With conductances $$c_{1}=1, c_{2}=c_{3}=2$$, multiply matrices to find
$$A^TCAx = f$$.
For $$f = (1,0,-1)$$ find a solution to $$A^TCAx = f$$.
Write the potentials $$x$$ and currents $$y = -CAx$$ on the triangle graph, when the current source $$f$$ goes into node 1 and out from node 3.

Homework Equations

The Attempt at a Solution

$$A^TCA = \left[ \begin{array}{ccc} 3 & -1 & -2 \\ -1 & 3 & -2 \\ -2 & -2 & 4 \\ \end{array} \right]$$

After elimination I get:

$$A^TCA = \left[ \begin{array}{cccc} 3 & -1 & -2 & 1 \\ 0 & 8 & -8 & 1 \\ 0 & 0 & 0 & 0 \\ \end{array} \right]$$

Which to me means that the loop is broken, and that $$x_{3}$$ is a free variable.

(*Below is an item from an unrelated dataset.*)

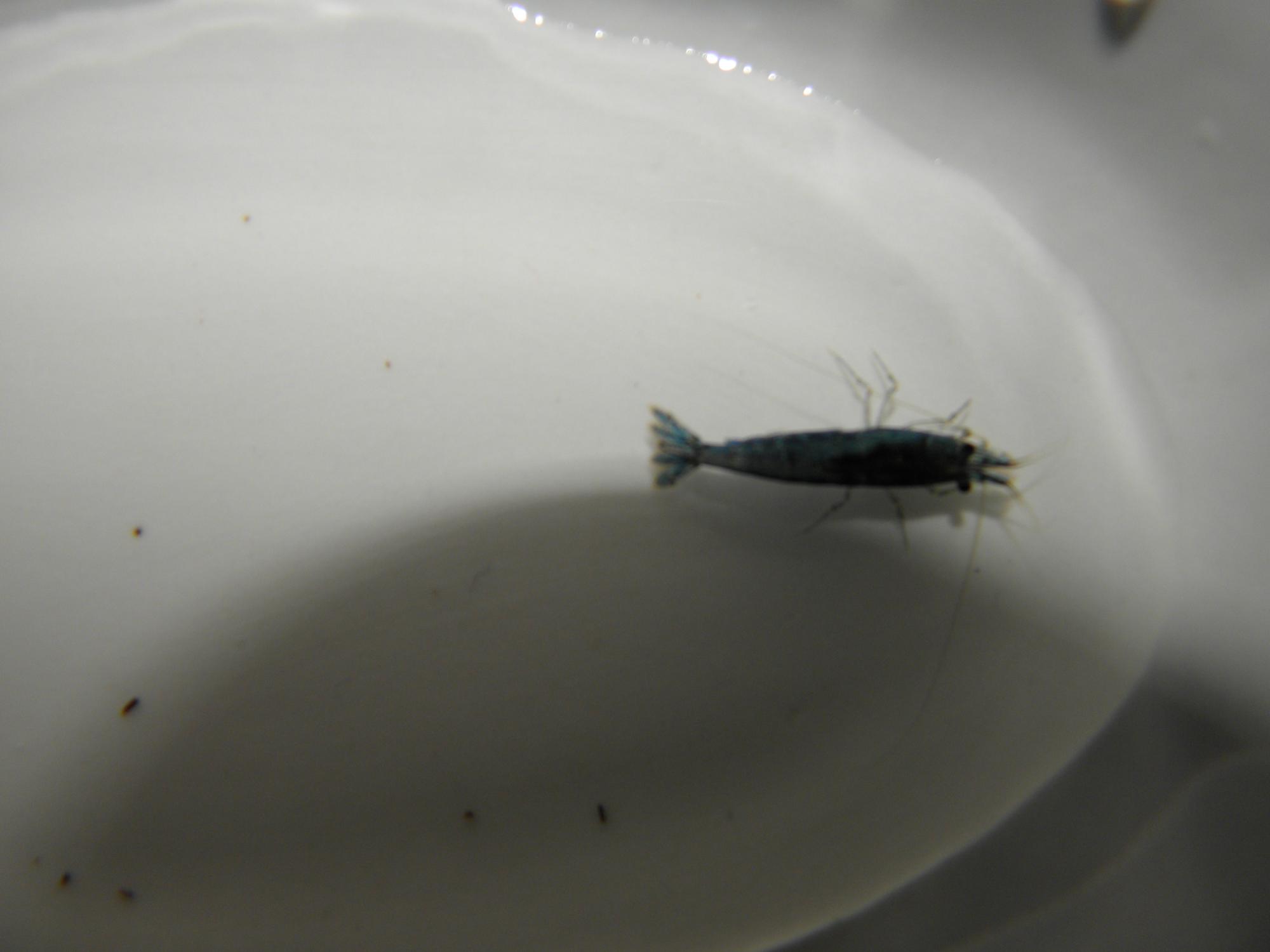 из голубых креветок у нас как правило 2 вида: этот, что я указала и еще Каридина голубая пчела, у последней есть белые полосы и она крупнее.

The book chooses $$x_{3}=7/8$$. Is there a good reason for that value?
Maybe I am missing some important point here?

Thanks.

 

[Mark44]

Homework Statement

With conductances $$c_{1}=1, c_{2}=c_{3}=2$$, multiply matrices to find
$$A^TCAx = f$$.
For $$f = (1,0,-1)$$ find a solution to $$A^TCAx = f$$.
Write the potentials $$x$$ and currents $$y = -CAx$$ on the triangle graph, when the current source $$f$$ goes into node 1 and out from node 3.

Homework Equations

The Attempt at a Solution

$$A^TCA = \left[ \begin{array}{ccc} 3 & -1 & -2 \\ -1 & 3 & -2 \\ -2 & -2 & 4 \\ \end{array} \right]$$

After elimination I get:

$$A^TCA = \left[ \begin{array}{cccc} 3 & -1 & -2 & 1 \\ 0 & 8 & -8 & 1 \\ 0 & 0 & 0 & 0 \\ \end{array} \right]$$

Which to me means that the loop is broken, and that $$x_{3}$$ is a free variable.

The book chooses $$x_{3}=7/8$$. Is there a good reason for that value?
Maybe I am missing some important point here?

Thanks.

How does A^TCA go from a 3x3 matrix to a 3x4 matrix?

 

[HallsofIvy]

Mark44, what Dafe wrote as his second matrix is NOT "A^TCA". It is the row echelon form of the augmented matrix with [1 0 -1] as the fourth column.

Dafe, the only good reason I can see is that makes $x_2= x_3+ 1/8= 1$ but then $x_1$ is not an integer. Are you sure they "chose $x_3= 7/8$". I would suspect that they solved for $x_1$ and $x_3$ in terms of $x_2$ and then chose $x_2= 1$.